Saturday 6 May 2017

How to find request header in node.js net.createserver?

I have a problem while using apache reverse proxies to handle virtualhosts for multiple applications on the same server in conjunction with node.js (I'm unable to resolve remote addresses and pass connections to other threads - doing either one seems to work well enough.) This seems to come down to parsing the HTTP header x-forwarded-for created by the Apache reverse proxy engine.

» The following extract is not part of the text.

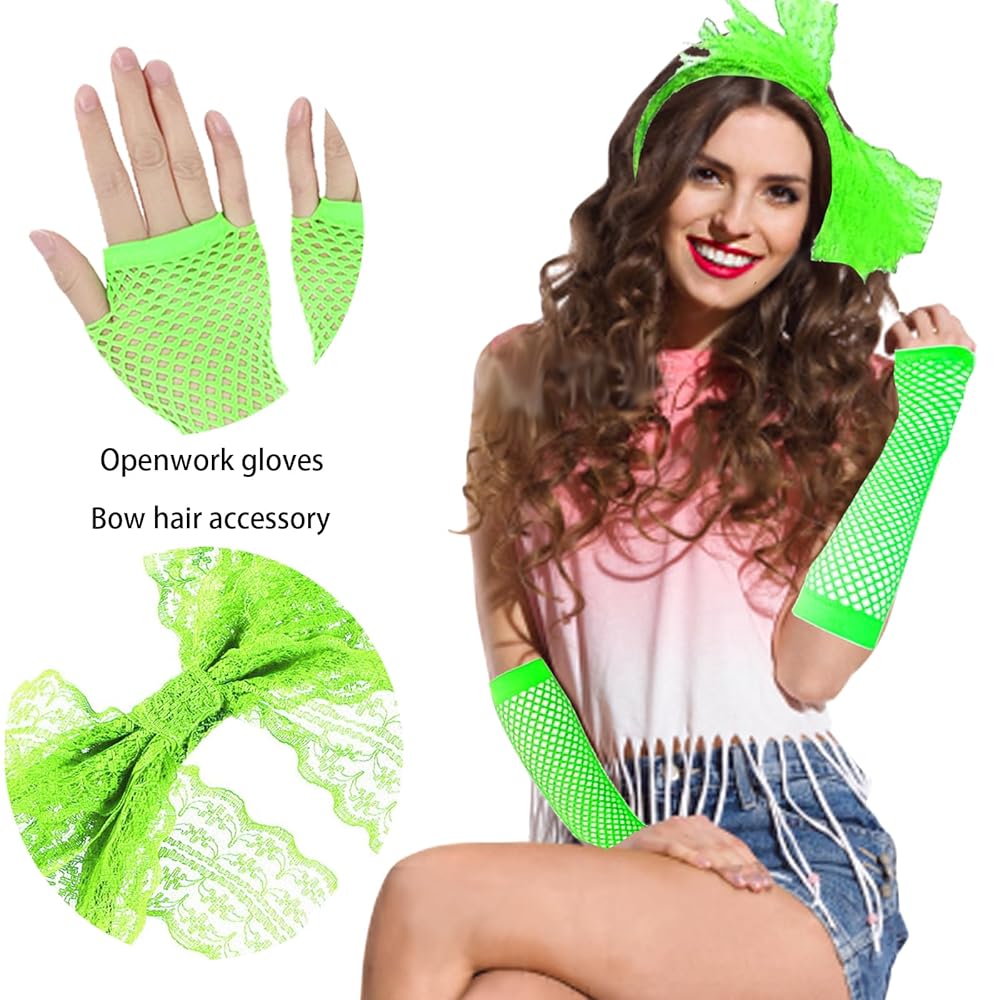 Timewarp back to the 80s! Dieses komplett Outfit-Set von YOUYIKE lässt die Ära der Neonfarben und ausgefallenen Styles wieder aufleben. Enthalten sind ein cooles T-Shirt, ein fluffiges Tutu, eine auffällige Halskette, stylische Netzhandschuhe, eine praktische Gürteltasche, Ohrringe und ein trendiges Stirnband. Perfekt für die nächste 80er Party, Karneval oder einfach nur für alle, die den Vintage-Look lieben. Einfach anziehen und du bist der Star jeder Party! Die Kombination aus verschiedenen Materialien und Stilen sorgt für einen authentischen 80s Look, der garantiert Aufmerksamkeit erregt. Mach dich bereit für eine Reise in die bunteste Dekade ever!

To start, my node.js application makes use of the following packages (so avoiding additional packages is a must, this combination alone is already a house of cards)

  • socket.io
  • socket.io-redis
  • cluster
  • redis
  • express

Now, for the actual issue - this code works flawlessly without a reverse proxy:

const server = net.createServer({pauseOnConnect: true}, function (connection) {
    console.log('Connection from ' + connection.remoteAddress.toString());
    var worker = workers[worker_index(connection.remoteAddress, worker_count)];
    worker.send('sticky-session:connection', connection);
}).listen(port, host);

However the net module doesn't parse out HTTP headers, needed to determine the remoteAddress for sticky sessions from behind an apache reverse proxy.

The ideal solution for this would function like:

const server = require('http').createServer(function (connection) {
    console.log('Connection from ' + (connection.headers['x-forwarded-for'] || '127.0.0.1'));
    var worker = workers[worker_index((connection.headers['x-forwarded-for'] || '127.0.0.1'), worker_count)];
    worker.send('sticky-session:connection', connection);
}).listen(port, host);

However it seems connections from the http module cannot be passed across threads as those from the net module can be. A solution which allows the passing of http-derived connections across threads in a cluster would likewise be appreciated.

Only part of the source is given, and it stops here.